Top of funnel - get swiping #
In dating the 'old way' was being set up by friends. The 'new way' is dating apps. Both work for co-founder leads, but just like Tinder, you'll get many more leads through Y Combinator's co-founder matching app.
1. The first date #
This is the initial meet and greet. I kept these to a 30min video call or a quick in person coffee. The goals:
✅ Get to know them. Do you vibe? Yep, it's a lot about vibes. If you don't vibe on a first date with someone, you don't go on a second date.
✅ Do you respect them? This is really about whether you see them on eye level.
2. The written assignment #
The aim here is to have the most time efficient process to get to know your potential co-founder. The 50 Founder questions get you to introspect on why you're founding a company, reveals your areas of expertise and raises thorny questions early like how would you resolve a stalemate? The best founders were already aware of the 50 Founder Questions. If someone hadn't heard of them, I'd give them time to get back to me.
✅ Exchange 50 Founder questions - ensure values, expertise and thinking alignment.
3. More dates - discuss the Founder Questions and any other questions #
If the potential co-founder's responses revealed a gap too large, I'd just say so in an email. If you only have minor flags, question marks and areas you want to dig deeper - have as many calls to work through them as required.
✅ Each meeting is increasing your confidence in each other, to the point you are ready for a work trial.
✅ With a view to commencing a work trial, if the co-founder is committed to an idea, get across the idea.[1]
4. Part time work trial #
By this stage you've worked through values, any possible question marks you've had about each other and are ready to test out what it is like to work with each other. I did this with several people at the same time. Using the dating analogy, this is that tricky and tiring phase where you haven't committed to one person yet. You're switching contexts and trying to not mix up details about each person! The work trial can look quite different depending on each person. For example, with one they hadn't found an idea, so the working together was about making progress through the ideation phase. For another, it was about doing joint discovery calls and validating ideas.

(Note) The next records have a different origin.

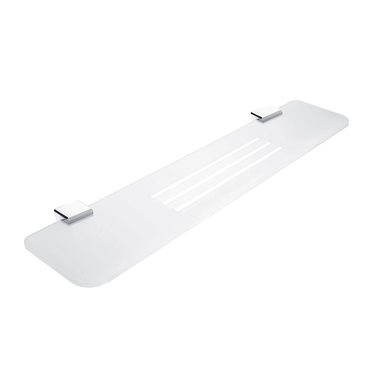 Police s frézovanými otvory. Materiál plexiglass s matovaným povrchem. Délka 60 cm. Úchyty mosaz / chrom.
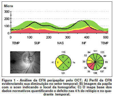 O OCT foi utilizado para medir a camada de fibras nervosas, neste trabalho foi utilizado o Stratus OCT® (Carl Zeiss Meditec, Inc.). O protocolo da rápida CFN 3.4 scan foi utilizado para quantificar a CFN peripapilar (software versão 4.0.1). Um círculo de 3,46 mm de diâmetro constituído de 256 A-scans foi posicionado manualmente no centro do disco óptico. A média, os quadrantes e as horas do relógio da espessura da CFN foram constatatdos na análise após o resultado das médias de três sequências circulares do scan. Todas as imagens escolhidas apresentaram graduação de no mínimo 7. Em relação à classificação normativa foi divida em 4 categorias: 95 a 100% foi considerado hipernormal (cor branca no mapa); 5 a 95% foi normal (verde); 1 a 5% foi boderline (amarelo); e menos que 1% foi considerado anormal (vermelho). Para este estudo branco e verde foram englobadas como normais enquanto amarelo e vermelho foram classificadas como anormais. A análise do OCT pelas horas do relógio foi baseada no olho direito, assim 9 h do scan peripapilar representou o lado temporal do disco óptico de ambos os olhos.
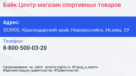 Байк Центр, магазин спортивных товаров по адресу 353905, Краснодарский край, Новороссийск, Исаева, 19 в дальнейшем Организация, размещена в следующих категориях:
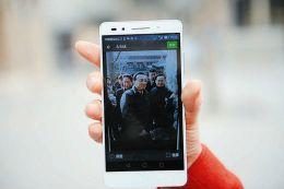 4、太原一市民向记者展示手机中拍摄的总理照片
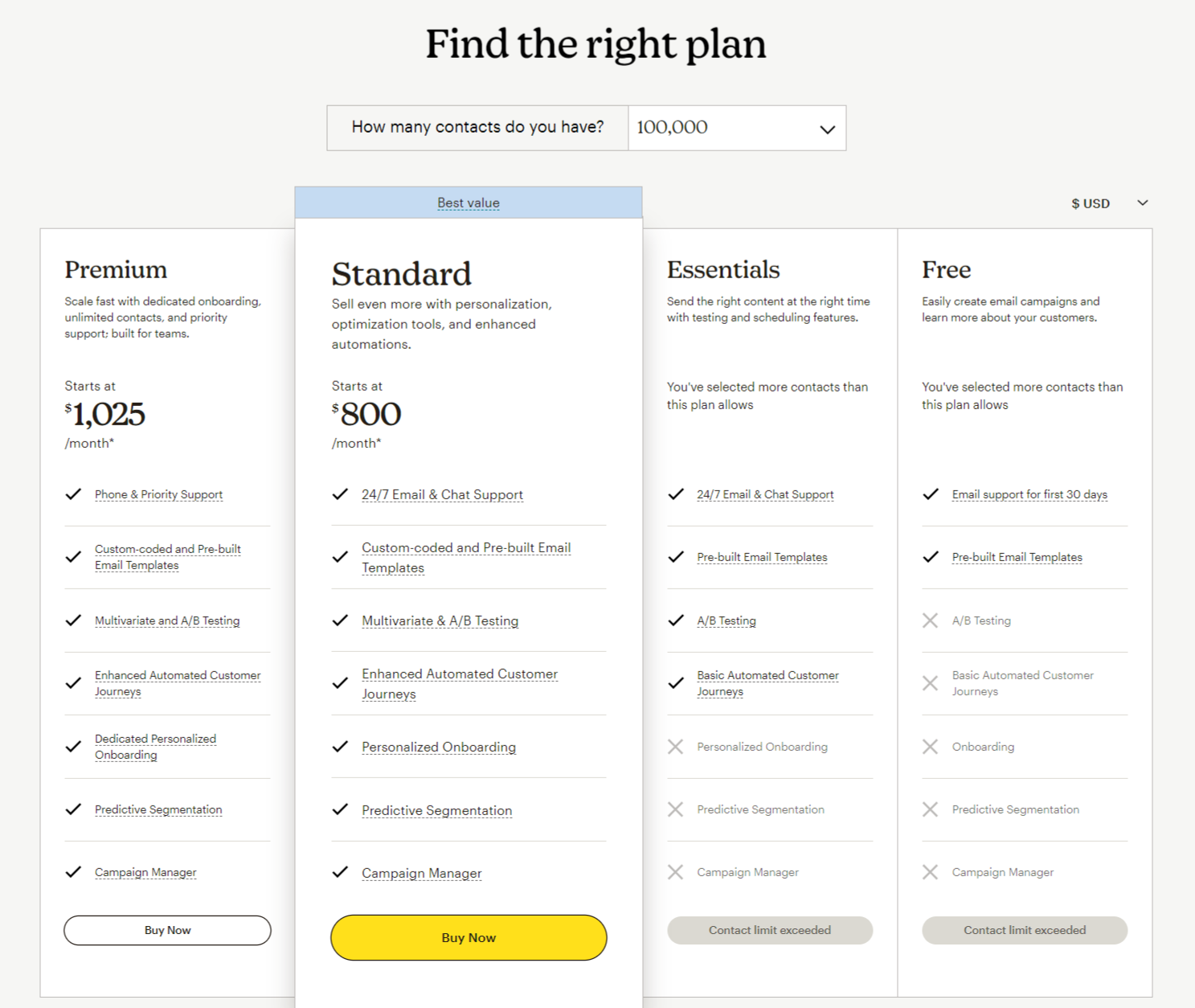 3. Standard Plan: This mid-tier option includes everything from the Essentials plan plus advanced tools like send-time optimization and predictive segmentation. It starts at about $20 per month for 500 contacts, which makes it great for most small to medium-sized businesses.
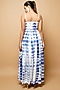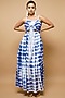 Featuring a blue and white overlapped dress in cotton silk base with tie-dye print, handmade pearl strap and slit.

✅ Complete a timeboxed work trial together.
5. Commit #
This doesn't mean you have incorporated. But from step 4 you need to pick one person to move forward. And hopefully you have a strong sense of who the right person is. Having committed to each other, set yourself ambitious goals that are aligned to each of your primary areas of responsibility. For me that looked like developing a prototype and for my co-founder it was securing design partnerships. If this all goes well, you're already a company, you just need to sign the dotted line.
Good luck!
Other inspiration #
- Whalesync's trial period template
- YCs doc on co-founder matching my highlights:
- Someone you enjoy spending time with and get along with. Would I want to be friends with this person?

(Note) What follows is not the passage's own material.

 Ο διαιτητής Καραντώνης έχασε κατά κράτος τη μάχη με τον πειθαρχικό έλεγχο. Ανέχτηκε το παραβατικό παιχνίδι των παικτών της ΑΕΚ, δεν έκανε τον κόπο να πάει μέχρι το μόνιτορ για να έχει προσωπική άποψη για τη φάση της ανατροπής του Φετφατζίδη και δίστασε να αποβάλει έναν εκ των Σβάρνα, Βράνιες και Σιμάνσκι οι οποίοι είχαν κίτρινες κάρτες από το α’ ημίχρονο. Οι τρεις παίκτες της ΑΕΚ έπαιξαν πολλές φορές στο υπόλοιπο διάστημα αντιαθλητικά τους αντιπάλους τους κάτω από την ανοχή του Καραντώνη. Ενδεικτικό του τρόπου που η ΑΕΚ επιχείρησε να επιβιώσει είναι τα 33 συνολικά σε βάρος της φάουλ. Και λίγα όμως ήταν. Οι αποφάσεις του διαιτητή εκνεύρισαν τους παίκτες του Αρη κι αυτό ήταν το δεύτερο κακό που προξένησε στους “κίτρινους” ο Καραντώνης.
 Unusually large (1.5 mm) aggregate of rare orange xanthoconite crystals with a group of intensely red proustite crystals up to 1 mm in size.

- An exceptional person - smart and effective
- If you have hesitancy towards someone, listen to it.
- Find people you have things in common with - shared interests, hobbies and values
- The person is more important than the idea
- The median time between when the founders joined the site and when they matched with the person they ultimately ended up working with is 100 days
- EF advice
- Both co-founders are technical, or technical with a domain expert
- Both co-founders are involved in everything
- No ‘pity founding’ - we're mates!
- A co-founder isn’t a ‘must-have’, a generic role that needs to be filled... they are a vital value-add
- "Each co-founder needs to have a strong relationship with each co-founder. In our experience, in a three this often isn’t the case. Someone is usually making a compromise and although that may seem ok in the short term, this doesn’t lead to harmonious founding teams in the long term."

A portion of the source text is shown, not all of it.